В. Чернявский вспоминал: «Жили они без особенного комфорта (тогда было не до того), но со своего рода домашним укладом и не очень бедно… И он и Зинаида Николаевна умели быть, несмотря на начавшуюся голодовку, приветливыми хлебосолами. По всей повадке они были настоящими “молодыми”… Мне впервые открылись в нем черточки “избяного хозяина” и главы своего очага. Как-никак тут был его первый личный дом, закладка его собственной семьи… У небольшого обеденного стола близ печки, у которой мы трое по вечерам за тихими разговорами (чаяниями и воспоминаниями) пекли и ели с солью революционную картошку, нередко собирались за самоваром гости».

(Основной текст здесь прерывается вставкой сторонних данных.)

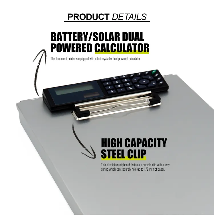 Metal Aluminum Dual Storage Foldable Folding Clipboard Box Nursing Metal with Calculator and Pen Holder Storage
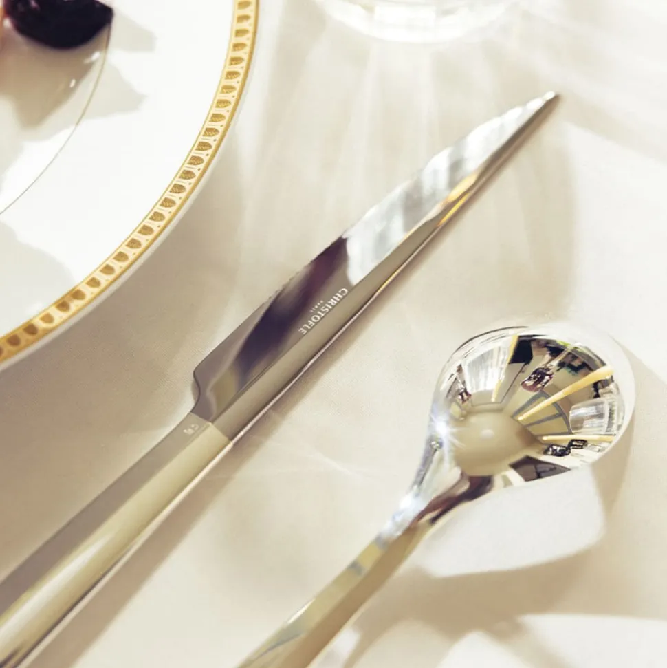 La maison d’orfèvrerie Christofle revisite les usages de la table avec sa nouvelle collection de couverts essentiels baptisée Infini Christofle.

А. Мариенгоф: «Зинаида сказала ему, что он у нее первый. И соврала. Этого – по-мужицки, по темной крови, а не по мысли – Есенин никогда не мог простить ей. Трагически, обреченно не мог. <…> Всякий раз, когда Есенин вспоминал Зинаиду, судорога сводила его лицо, глаза багровели, руки сжимались в кулаки:

– Зачем соврала, гадина!»

«Они стали мужем и женой, не успев опомниться и представить себе хотя бы на минуту, как сложится их совместная жизнь», – пишет в воспоминаниях дочь Райх и Есенина Татьяна. Райх была хорошей женой – да у Есенина и не было плохих, – старалась наладить быт, чтобы он мог писать стихи и ни о чем не тревожиться. Правда, с переездом из Петрограда в Москву начались финансовые и бытовые трудности, а затем и семейные ссоры. Есенин пил, скандалил, часто сбегал, как и от Изрядновой.

М. Левин: «Иногда он исчезал на несколько дней и пропадал неизвестно где с неизвестными людьми. Это было время его дружбы с Анатолием Мариенгофом, Вадимом Шершеневичем, Александром Кусиковым и другими представителями литературной богемы Москвы того времени. Зинаида мирилась с этими чертами его характера, но ей было трудно, очень трудно, и об этом она часто рассказывала моей жене».

Т. Есенина: «Безусловно, судя по рассказам матери и ее подруги – Зинаиды Гейман, сыграли роль и “друзья” отца из группы «мужиковствующих», неприязненно относившихся к моей матери. Она и сама относилась к ним с неприязнью, видя их тлетворное влияние на отца. Видимо, сыграла во всем этом деле роль и нерусская фамилия матери – Райх, которую она получила в наследство от отца – моего деда. “Мужиковствующие” настаивали на еврейском, нерусском происхождении, в то время как мать у нее была русской, даже вышедшей из захудалого дворянского рода (Анна Ивановна Викторова). Отец матери – Николай Андреевич Райх – железнодорожник, выходец из Силезии. Национальная принадлежность его затерялась в метриках прошлого века».